[BRIEF] The reply should be an exact repeat of the listing, with no pictures in it.

[DATASET EXCERPT]
-- Opening Marker --

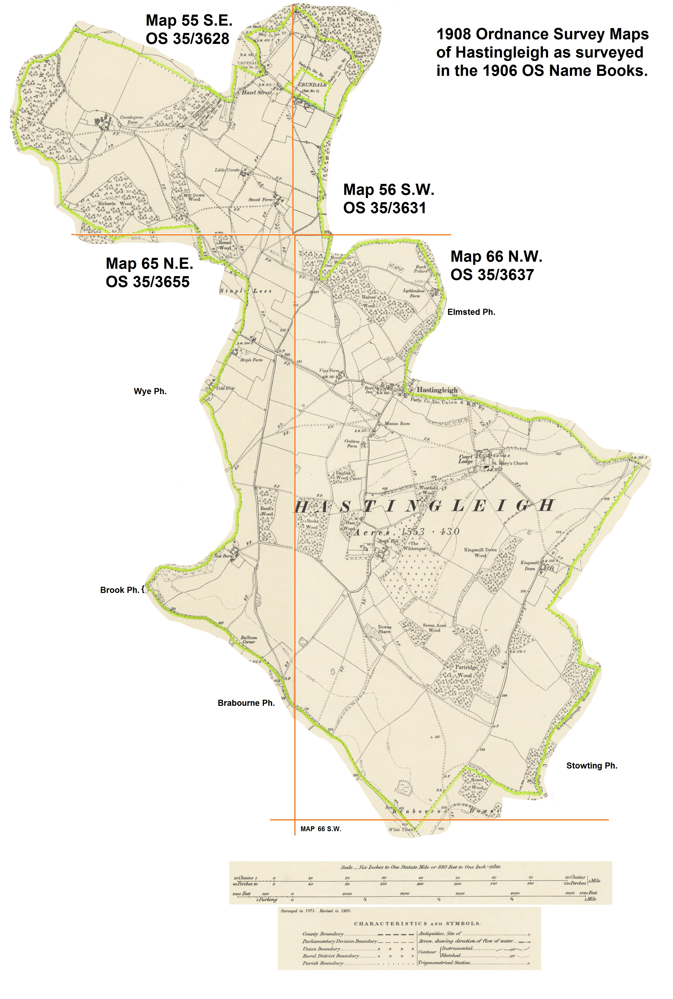 Hastingleigh on Ordnance Survey Maps surveyed in 1906The following image is taken from 5 Sheets of Kent Maps printed in 1908.
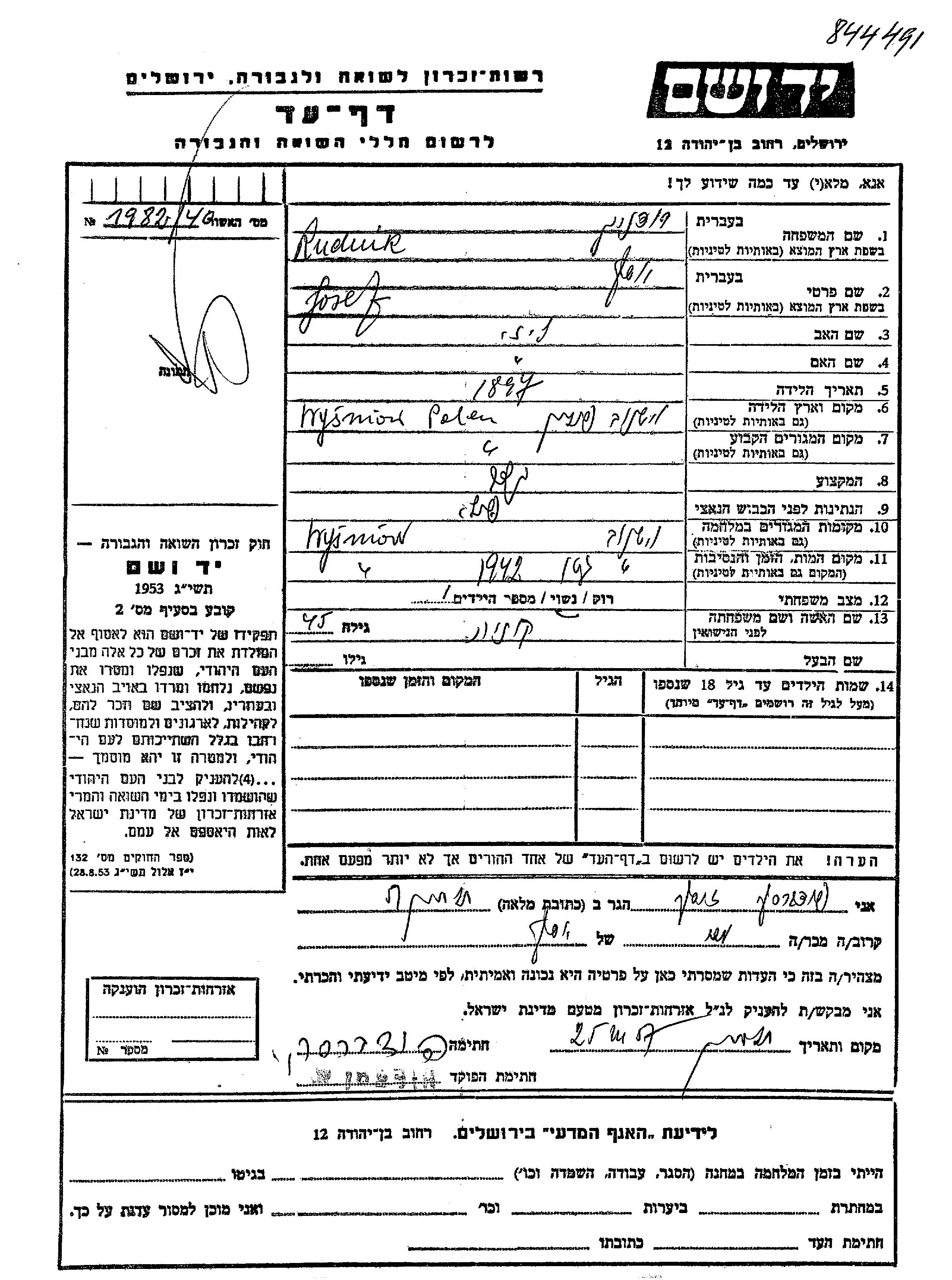 Josef wurde in der Schoah ermordet. Todesort: Wiszniew, Polen im Jahr 1942.
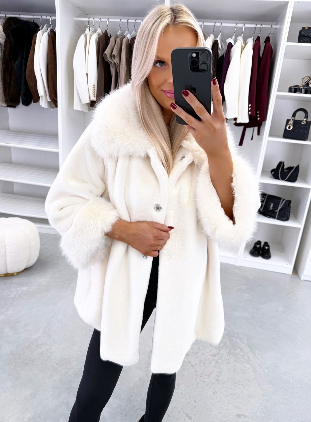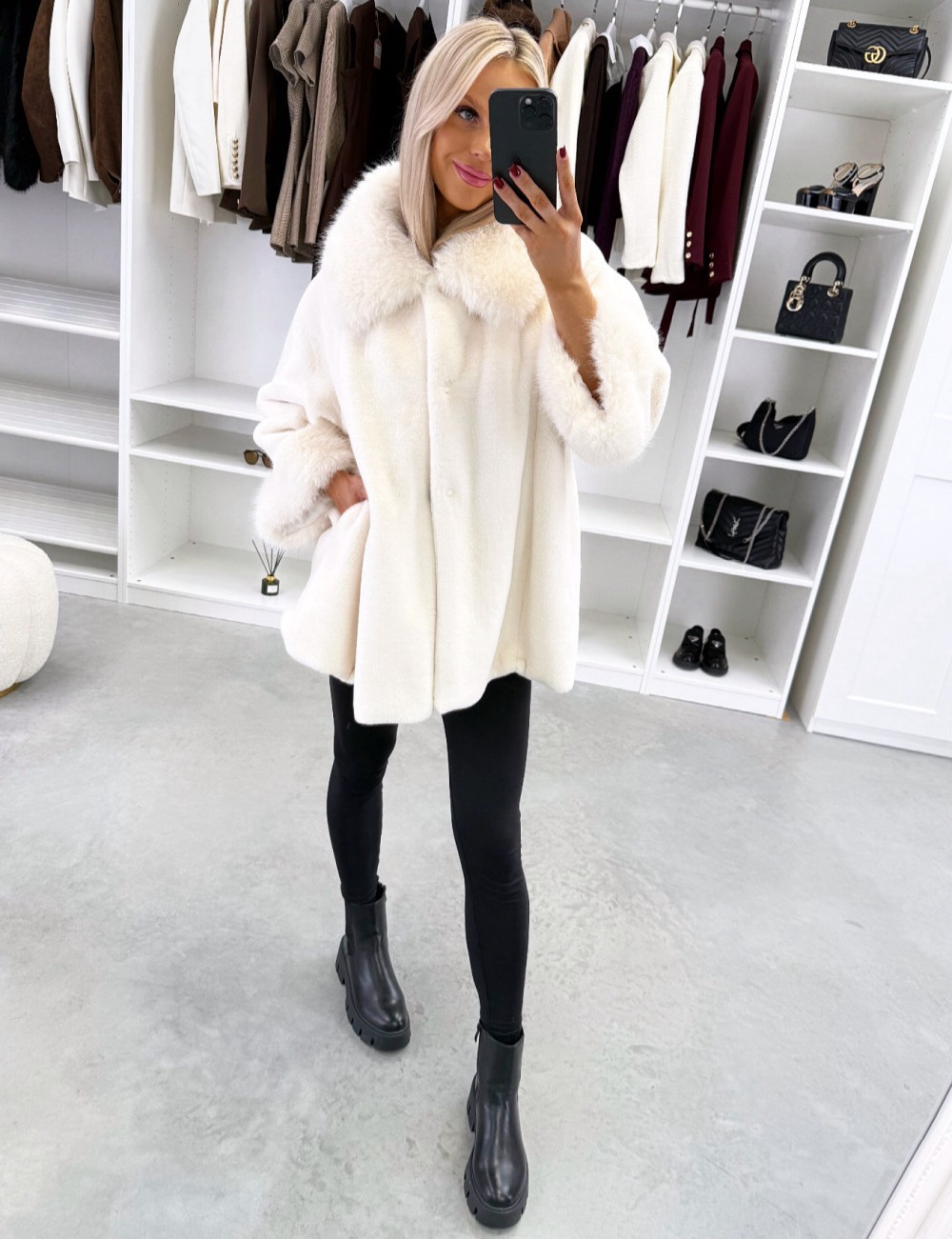 Miękka kurtka-płaszcz ze sztucznego futra (Jeden rozmiar, Jasny beż)

-- Closing Marker --

[ANSWER TO THIS PROBLEM]
 Hastingleigh on Ordnance Survey Maps surveyed in 1906The following image is taken from 5 Sheets of Kent Maps printed in 1908.
 Josef wurde in der Schoah ermordet. Todesort: Wiszniew, Polen im Jahr 1942.
 Miękka kurtka-płaszcz ze sztucznego futra (Jeden rozmiar, Jasny beż)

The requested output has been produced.